Nomofobia

Lanzó sus dedos al teclado como alma que lleva el diablo. Llevaba fuera un par de horas con el móvil sin batería, y durante ese tiempo podía haber ocurrido cualquier cosa. Y lo peor no era que ocurriera sin más, sino que ella no se enterase y hubiera cientos, tal vez miles, que se adelantaran en el twitter. Aún recuerda el día que se abrió la cuenta. Ella, que presumía de ser una especie en extinción, un animal analógico, cayó rendida a las garras digitales aquella maldita tarde que bajó la guardia y se dejó convencer por Paco. Escribía postales con sello, se compraba material de oficina con auténtica pasión de madre primeriza. Se compadecía de esos adolescentes que crecían con los smartphones, las tables y las actualizaciones de estado. Parecían zombis arrastrando los pies con la cabeza gacha, deambulaban por la ciudad con las alertas del whatsupp sustituyendo a los latidos del corazón. ¿Pero cómo habían llegado a esa situación? Oh my God!!!

Cedió a las presiones de Paco, su exnovio, con la convicción de que abrir la cuenta no le procuraría mayor satisfacción de las que tenía desgastando el carboncillo contra la celulosa. Se buscó un nick @yoamoelpapel84 y puso su contraseña de siempre. Y voilá, ya tenía su cuenta creada. Sin seguidores aún, o followers, cómo decían los ‘yonkis tecnológicos’ que tenía por amigos, comenzó a pasar solo los tiempos de espera que había desde la estación del metro hasta su trabajo, y el camino desandado.

No percibió cuándo sucedió exactamente, pero un buen día estaba totalmente enganchada.

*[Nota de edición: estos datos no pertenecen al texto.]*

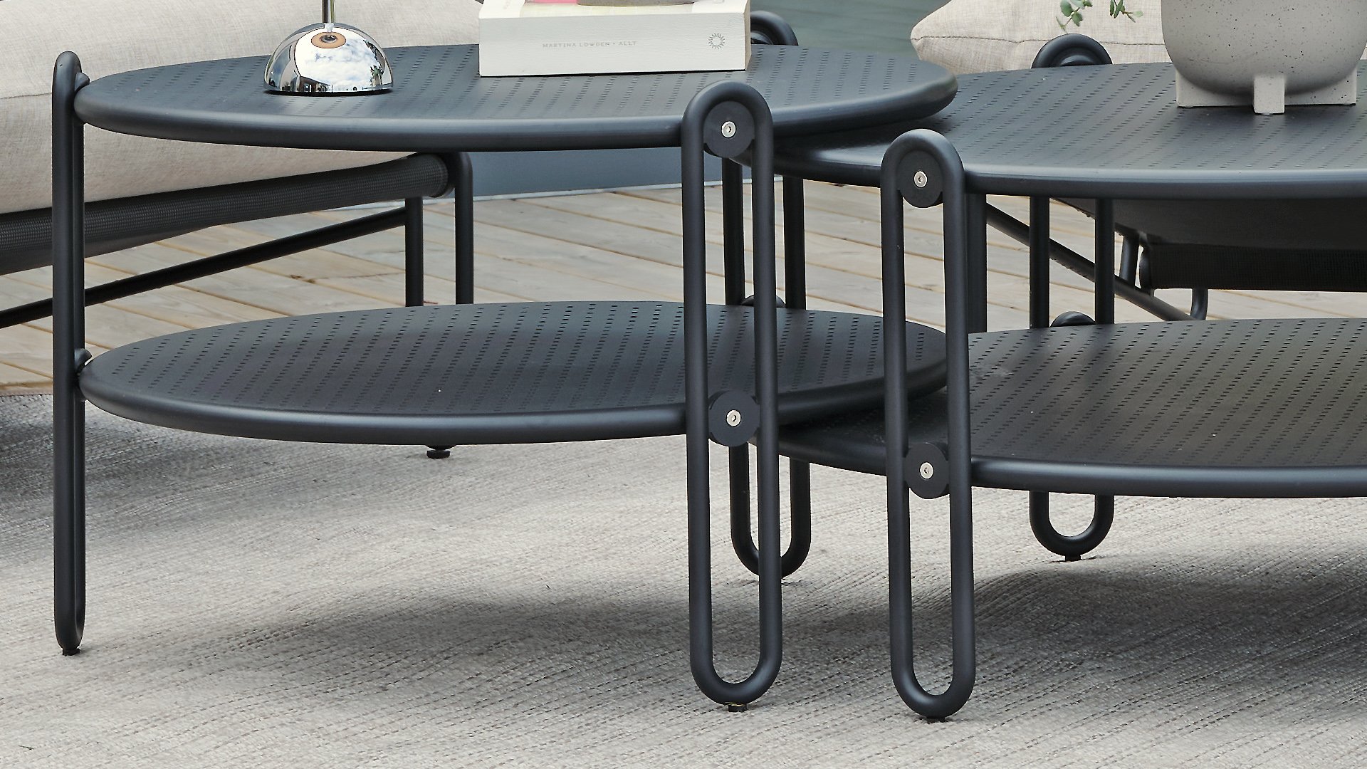 De ronde Blixt salontafel is verkrijgbaar in twee hoogtes en formaten: een hogere (42 cm) met een diameter van 65 cm en een lagere (39 cm) met een diameter van 85 cm. De twee ronde metalen bladen op verschillende niveaus zijn geperforeerd – een mooi en ook praktisch detail. Verkrijgbaar in matzwart en wit. Plaats ze alleen of met twee - ze kunnen elkaar deels overlappen dankzij het kleine hoogteverschil.

No podía pasar un día entero sin conectarse. Y no sólo a twitter. Se abrió cuenta en facebook, tuenti e instagram. Hablaba con sus amigas por whatsupp y ligaba en el Tinder, Meetic y Badoo. Tenía miles de amigos dentro de la pantalla de su móvil, pero se sentía completamente sola. Le temblaba la mano cuando mandaba órdenes a su pulgar. Era una especie de alcohólica digital. Conocía algún caso más como el suyo, pero no sabía dónde dirigirse para aliviar su carga. Se pasaba cotilleando los post de los demás, algunos ni siquiera de amigos o conocidos. Llegaba a ellos pinchando de nombre en nombre. No le interesaba lo más mínimo las vidas ajenas y sin embargo no podía dejar de ciberacosar a extraños. Retuiteaba idiomas incomprensibles para ella, y daba ‘me gusta’ como quien reparte droga a la puerta del colegio. Al principio estaba bien eso de tener una vida paralela donde era popular, muy popular, después pasó a formar parte de su rutina, de su labor cotidiana, hasta convertirse en una obligación que le mantenía apegada a una intensidad imposible de rebajar. Solo descansaba cuando el sueño le vencía. No porque su vida estuviera regida por disciplina o costumbre, sino porque se quedaba dormida en el intento de lanzar un tuit más. Solo uno más.

Había leído que su adicción tenía un nombre: nomofobia. Y visto así, la verdad es que no sonaba tan mal, aunque eso era simplificar demasiado su necesidad a estar conectada 24 horas 7 días a la semana. Vivir online. Pertenecía a una generación que se tomaba en serio las posibilidades que ofrecían las nuevas tecnologías. Algún día se desengancharía, pero para eso todavía faltaba mucho tiempo.